Bringing (4.5)–(4.8) together, we obtain

$$\begin{aligned} |r_{2m+1}|<c h^4. \end{aligned}$$

Similarly, we can prove

$$\begin{aligned} |r_{2m+2}|\le ch^4. \end{aligned}$$

This completes the proof of Theorem 4.1.

In order to simply the stability analysis, we rewrite the scheme in the following form:

$$\begin{aligned}&\widehat{b}_0u_0+\widehat{b}_1u_1+\widehat{b}_2u_2=f(t_1), \end{aligned}$$
$$\begin{aligned}&\sum _{k=0}^{2m+1}b_{k}^{(m)}u_k=f(t_{2m+1}),m=1,2,\cdots ,N-1,\end{aligned}$$
$$\begin{aligned}&\sum _{k=0}^{2m+2}\overline{b}_{k}^{(m)}u_k=f(t_{2m+2}),m=1,2,\cdots ,N-1, \end{aligned}$$


$$\begin{aligned}\left\{\begin{array}{l}\widehat{b}_i=a_{1}^{i,0},\widetilde{b}_i=a_{2}^{i,0},i=0,1,2;\\b_{0}^{(m)}=a_{2m+1}^{0,0},b_{1}^{(m)}=a_{2m+1}^{1,0}+a_{2m+1}^{0,1},b_{2}^{(m)}=a_{2m+1}^{2,0}+a_{2m+1}^{1,1},\\b_{2k}^{(m)}=a_{2m+1}^{1,k},b_{2k-1}^{(m)}=a_{2m+1}^{2,k-1}+a_{2m+1}^{0,k},k=2,3,\cdots ,m; \ \ b_{2m+1}^{(m)}=a_{2m+1}^{2,m};\\ \overline{b}_{0}^{(m)}=a_{2m+2}^{0,0},\overline{b}_{2k}^{(m)}=a_{2m+2}^{2,k-1}+a_{2m+2}^{0,k},k=1,2,\cdots ,m; \\ \overline{b}_{2k+1}^{(m)}=a_{2m+2}^{1,k},k=0,1,2,\cdots ,m;\ \ \overline{b}_{2m+2}^{(m)}=a_{2m+2}^{2,m}. \end{array}\right.\end{aligned}$$

In the following lemma, we study the sign of the coefficients given in (4.13), which plays an important role in analyzing the stability of the scheme.

Lemma 4.1

Some of the coefficients defined in (4.13) have different signs under some conditions as listed in Table 1.

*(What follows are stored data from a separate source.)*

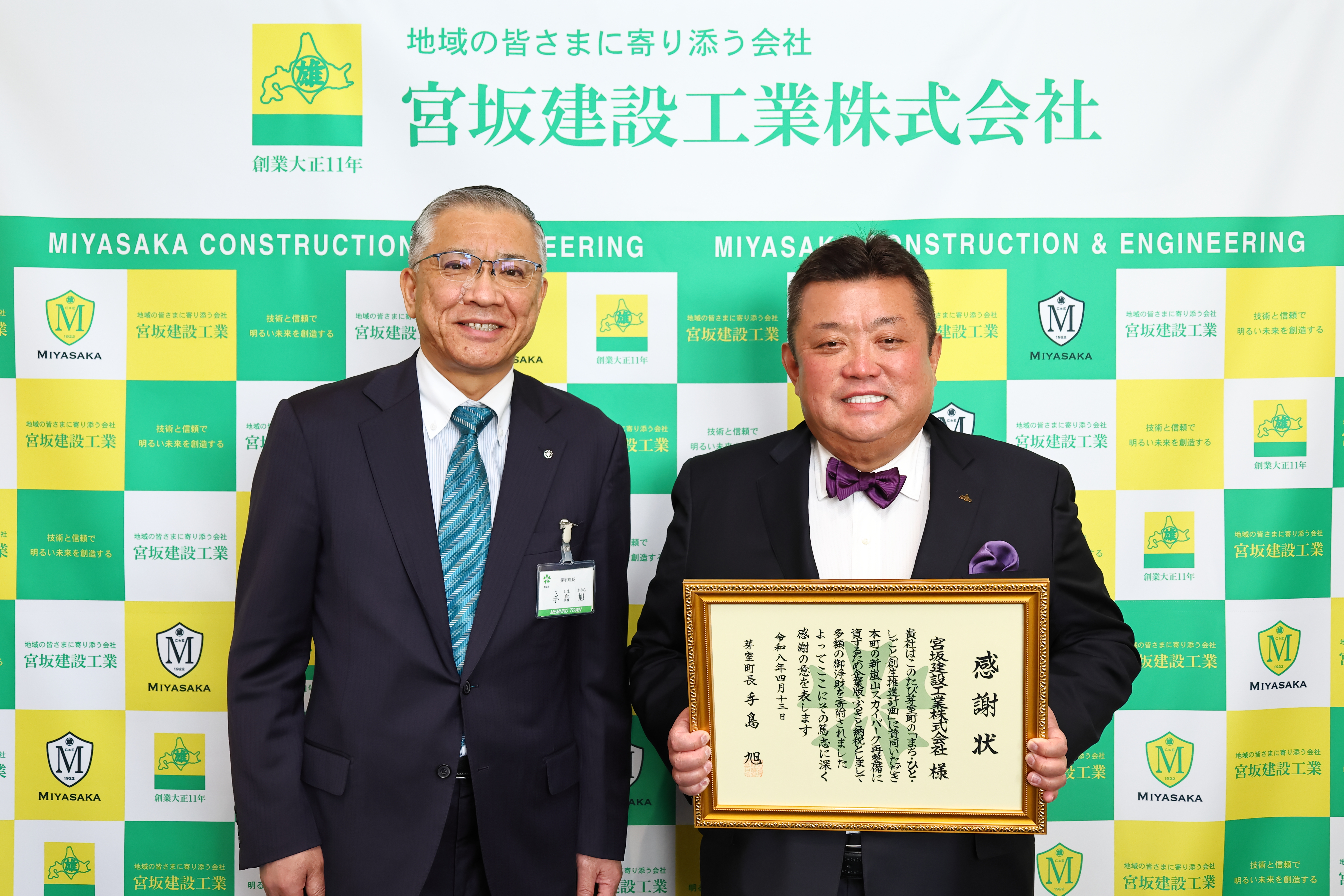 芽室町は社員やその家族が暮らす大切な町であり、弊社はこれまで農業基盤や公共施設などの整備に古くから関わってきました。こうした日頃のご縁への感謝と地域に支えられる企業として、このような機会をいただいたことに感謝いたします。
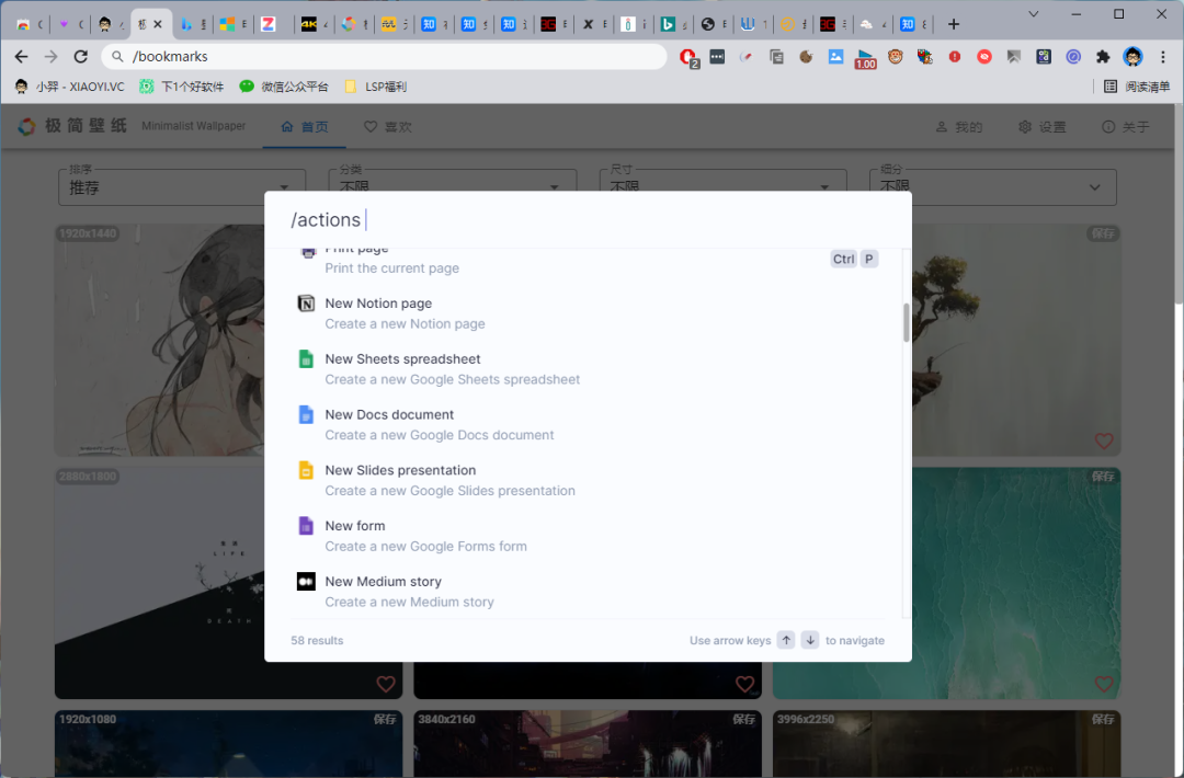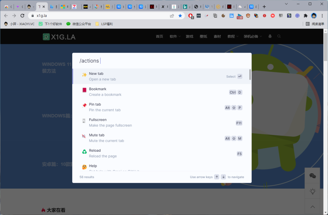 「Omni」还支持浏览器功能快捷操作,输入 /actions 搜索所有可用的操作,例如可以 Pin 标签页、标签页静音、全屏,重新加载等等。
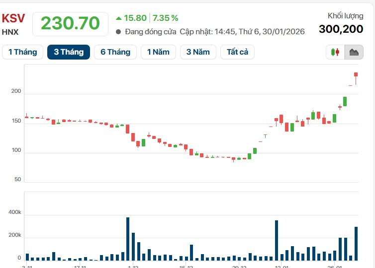 Cổ phiếu KSV trên thị trường chứng khoán đã có nhịp tăng phi mã. Kết thúc phiên giao dịch ngày 30/1/2026, thị giá KSV đóng cửa tại mức 230.700 đồng/cổ phiếu, tăng 7,35% so với tham chiếu cùng thanh khoản hơn 300.000 đơn vị.
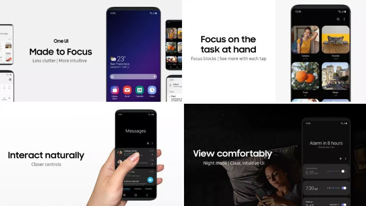 Novi hardver popratit će i redizajnirano Samsungovo sučelje koje nazvaše One UI, a izgleda kao osvježeni Samsung Experience sa još zaobljenijim elementima sučelja, a koristit će veliki Infinity Flex display za rad u čak tri aplikacije odjednom umjesto dosadašnje dvije.
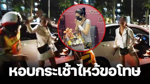 สาวเมากร่าง รองเท้าตบตำรวจ หอบกระเช้าขอโทษแล้ว เผย ขอโอกาสแก้ตัว
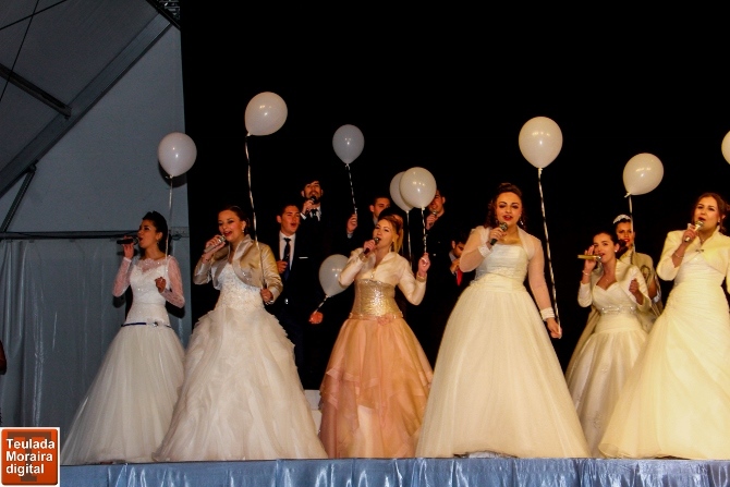El primer cambió en la noche de ayer se pudo apreciar cuando todos los festeros y festeras a excepción de la Reina -de 2015- y su acompañante, al unísono, ocuparon el escenario para ofrecer una actuación musical, versionando la canción Blue Moon gracias a los arreglos de la profesora del Conservatorio teuladino Monte Tro y “la Escuela de Música Si fa Sol de Benissa. Un acto novedoso que vistos y escuchados los aplausos del público, fue del gusto de todos. A continuación subió al escenario toda la comisión Mayor de Fiestas, para de este modo, formar todos juntos, parte del momento de la coronación, coronación que no se hizo esperar, pues tras ellos, el turno para subir al escenario fue de Cristina Pérez Llorca, acompañada por Alejandro Andrés Morell.
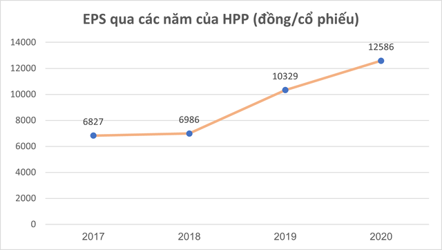 Ấn tượng nhất là sự tăng trưởng mạnh mẽ của lợi nhuận thuần khi tăng tới 27% dù doanh thu thuần hợp nhất chỉ tăng gần 7% lên mức 854 tỷ đồng. Chủ yếu nguyên nhân đến từ việc tỷ lệ tăng của giá vốn hàng bán nhỏ hơn so với tỷ lệ tăng doanh thu. Lãi trước thuế hợp nhất đạt 110,6 tỷ đồng, sau khi trừ đi chi phí thì HPP có lãi 105,3 tỷ đồng, tăng trưởng 21% so với thực hiện năm 2019. Thu nhập trên mỗi cổ phần (EPS) của công ty thuộc hàng cao nhất trên thị trường, đạt gần 12.586 đồng/cổ phiếu.

Table 1 Coefficients defined in (4.13)


First, we investigate the sign of \(b_{k}^{(m)}\). A direct computation gives

$$\begin{aligned} b_{0}^{(m)}=\frac{M(\alpha )}{\alpha h^2} F_1(h) \exp \left( \frac{\alpha }{1-\alpha }(-2mh)\right) , \end{aligned}$$

where \(F_1(h):=-\frac{h}{2}-\frac{1-\alpha }{\alpha }+(\frac{3}{2}h+\frac{1-\alpha }{\alpha })\exp (\frac{\alpha }{1-\alpha }(-h)).\) It can be shown that \(F_1(h)<0\) if \(h<\frac{4}{3}\frac{1-\alpha }{\alpha }\). In fact, we have

$$\begin{aligned} F_1'(h)= & {} -\frac{1}{2}+\left( \frac{1}{2}-\frac{3}{2}\frac{h\alpha }{1-\alpha }\right) \exp \left( \frac{\alpha }{1-\alpha }(-h)\right) ,\\ F_1''(h)= & {} \frac{\alpha }{1-\alpha }\left( -2+\frac{3}{2}\frac{h\alpha }{1-\alpha }\right) \exp \left( \frac{\alpha }{1-\alpha }(-h)\right) . \end{aligned}$$

Thus, \(F_1''(h) < 0\) if \(h<\frac{4}{3}\frac{1-\alpha }{\alpha }\). Consequently, \(F_1'(h)<F_1'(0)=0\), and furthermore \(F_1(h)<F_1(0)=0\). This gives \(b_{0}^{(m)}<0\).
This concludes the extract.